*** Opening of Information supplied ***

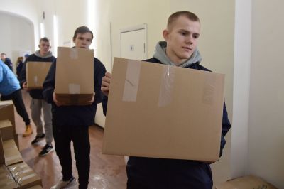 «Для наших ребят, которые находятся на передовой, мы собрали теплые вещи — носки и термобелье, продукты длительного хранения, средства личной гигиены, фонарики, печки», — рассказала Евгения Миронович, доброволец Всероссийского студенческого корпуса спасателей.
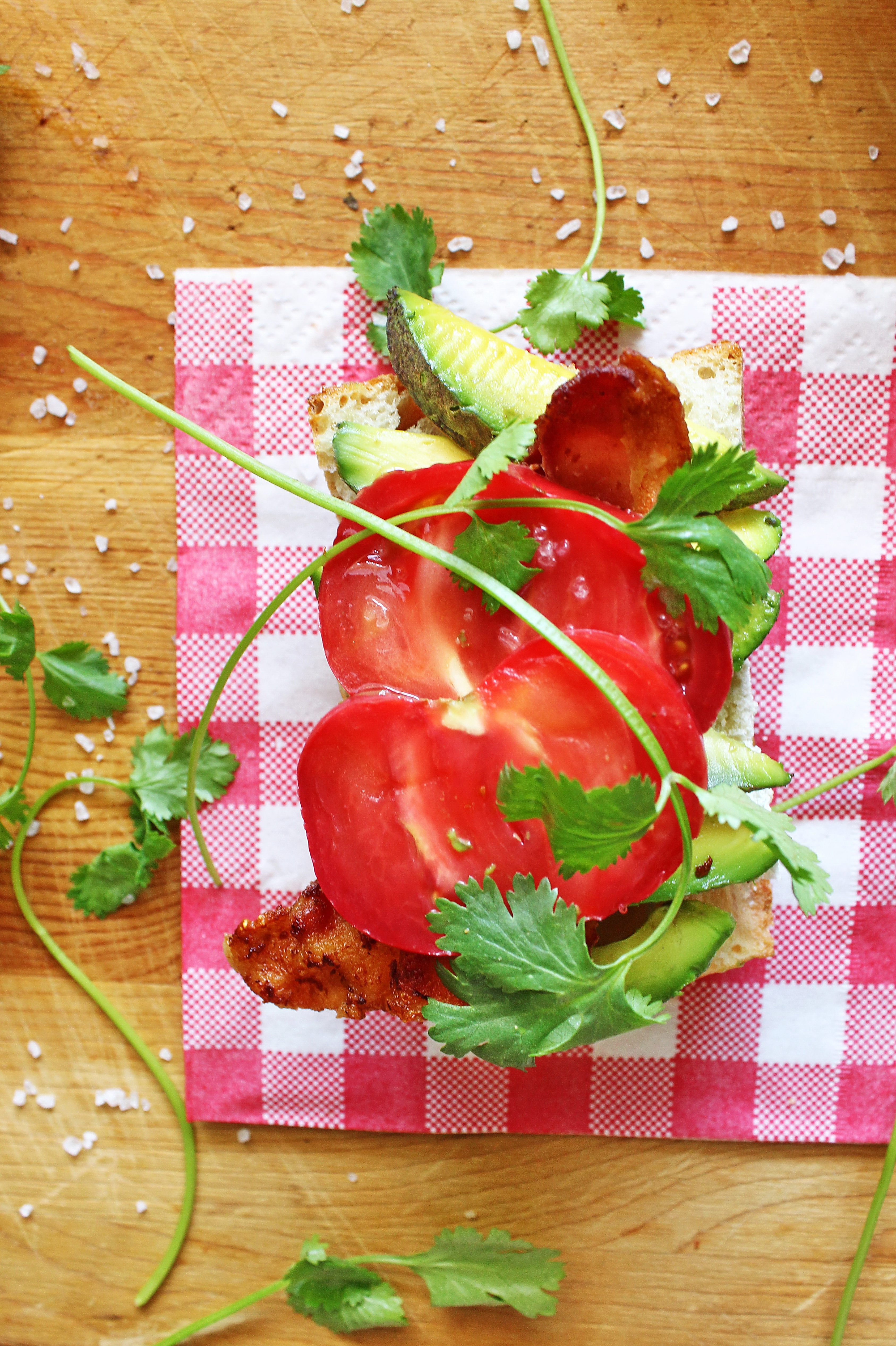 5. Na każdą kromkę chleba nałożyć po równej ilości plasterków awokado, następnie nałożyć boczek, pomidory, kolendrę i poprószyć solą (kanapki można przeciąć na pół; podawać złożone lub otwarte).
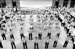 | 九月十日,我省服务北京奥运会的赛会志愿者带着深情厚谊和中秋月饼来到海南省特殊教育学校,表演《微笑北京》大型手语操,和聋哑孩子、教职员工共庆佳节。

*** Close of Information supplied ***

Task directions — Except for the pictures, print the data above exactly.

Reply —
 «Для наших ребят, которые находятся на передовой, мы собрали теплые вещи — носки и термобелье, продукты длительного хранения, средства личной гигиены, фонарики, печки», — рассказала Евгения Миронович, доброволец Всероссийского студенческого корпуса спасателей.
 5. Na każdą kromkę chleba nałożyć po równej ilości plasterków awokado, następnie nałożyć boczek, pomidory, kolendrę i poprószyć solą (kanapki można przeciąć na pół; podawać złożone lub otwarte).
 | 九月十日,我省服务北京奥运会的赛会志愿者带着深情厚谊和中秋月饼来到海南省特殊教育学校,表演《微笑北京》大型手语操,和聋哑孩子、教职员工共庆佳节。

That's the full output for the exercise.